Scrambled Eggs and Tomatoes ~ from Grace at HapaMama
Fried Eggs and Omelets, Wok-style ~ from Eleanor at WokStar
Egg and Onions ~ from Lisa at Monday Morning Cooking Club
Biscuit Crust Breakfast Pizza ~ from In foodie fashion
Leek, ham, and percorino souffles ~ from Charissa at Zest Bakery
Homemade Cadbury Eggs ~ from Linda at Free Range Cookies
Beet dye and pink deviled eggs ~ from Denise at Chez Us
Eggs in a hole ~ From Emma at Dreaming of pots and pans
The Perfect Sandwich ~ from Felicia at burnt-out baker
Kimchi deviled eggs ~ from Joe at Joe Yonan
Molecular gastronomy “eggs”
~ from Karen at GeoFooding
Singapore-style Chai Poh scramble ~ from Cheryl at A Tiger in the Kitchen
Taiwanese tomato eggs ~ from Linda at spicebox travels
Old-fashioned boiled dressing & chicken salad ~ from Lucy at A Cook and Her Books
Bombay (spicy French) toasts ~ from Rashda at Hot Curries & Cold Beer
Son-in-law eggs ~ from Nancy at Nancie McDermott
Egg chaud froid ~ from Vivian at Vivan Pei

Mini Meringue Buttons

Yield: About a 100 buttons (give or take)

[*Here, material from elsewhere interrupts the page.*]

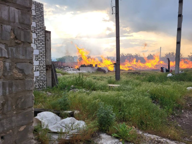 Через обстріл сталося займання трави, будівельного сміття та вторинної серовини на площі близько 800 кв м.
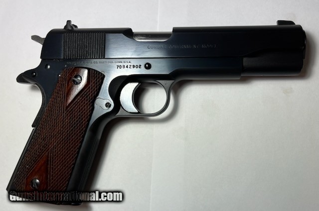 Description: Guns Listing ID: 944176 This is a Colt 1911 Government Model MK IV Series 70 .45acp SN: 70B42902 . This Comes with original box, original paper work, and box is serial numbered to the gun. This box has one flap on the box torn off. SOLD Manufacturer: COLT Model: 1911 GOVERNMENT MODEL MKIV SERIES 70 Caliber Info: .45 ACP Condition: Used - Non-Certified Barrels: 5 BARREL Finish: BLUE |

  • 4 egg whites at room temperature
  • 1/2 teaspoon cream of tarter (this is optional; I don’t usually make meringues with this, but I tried it this time; maybe that was my problem?)
  • 1 cup superfine sugar (some people prefer to use a mixture of granulated and powdered sugar; follow your preference)
  • Food coloring (this is the kind I use)


  1. Position three oven racks so they are evenly spaced, then preheat the oven to 225ºF.
  2. Line three half sheet pans with parchment paper (some people use foil lightly sprayed with oil).
  3. Beat the egg whites in a stand mixer or in a large bowl with a hand mixer (use the whisk attachment for either type of mixer) on low until the eggs are frothy.
  4. Add the cream of tarter (if using).
  5. With the mixer at medium-high speed, beat the egg whites until they reach the soft peak stage.
  6. While beating, very gradually add the sugar so that it blends in and dissolves completely.
  7. Beat until the stiff peak stage and the meringue is shiny.
  8. Divide the meringue into separate bowls, one for each color you plan to make.
  9. Add several drops of food coloring to each bowl, and mix well, either with a hand whisk or the hand mixer.
  10. Scrape the contents of one bowl into a small ziplock bag, seal the bag, then snip the corner off, and pipe small dots onto a prepared pan.
  11. Repeat with the other colors, using a fresh bag for each color to keep the colors separate.
  12. Bake the meringues for 45 minutes.
  13. After 45 minutes, turn the oven off and allow the meringues to finish in the oven for another hour.
  14. Remove from the oven to cool on the parchment paper.
  15. When the meringues are cool, slide a thin metal spatula under each to remove them from the parchment.
  16. You can store meringues for a couple of days in a cool, dark place (they hate humidity). A tightly sealed container in the refrigerator works well.


  1. You’re not alone–I don’t like eggs either. =) In cake, fine. Even on the outside of French toast, fine. I’ll even eat quiche-like things if there’s more “stuff” than egg. But not scrambled, fried, poached, hard-boiled… No thank you.

    I love how colorful these are. Perfect for spring. =)

    1. Rebecca says:

      Thank you, Di! I’m glad to know I’m in good company!

  2. I love these! Amazing colors and the whole idea. Buttons! There’s no version nor incarnation of meringue that I don’t love, but these I adore. And the reference to dots, the candy on paper strips; takes me back to third grade, a very very long time ago. And these would be as tasty as I imagined those to be, back in the day.

    1. Rebecca says:

      Thank you for your kind reply! Is there anything meringue can’t do? ❤

  3. Joe Yonan says:

    These are the opposite of muffin tops, aren’t they? Lovely.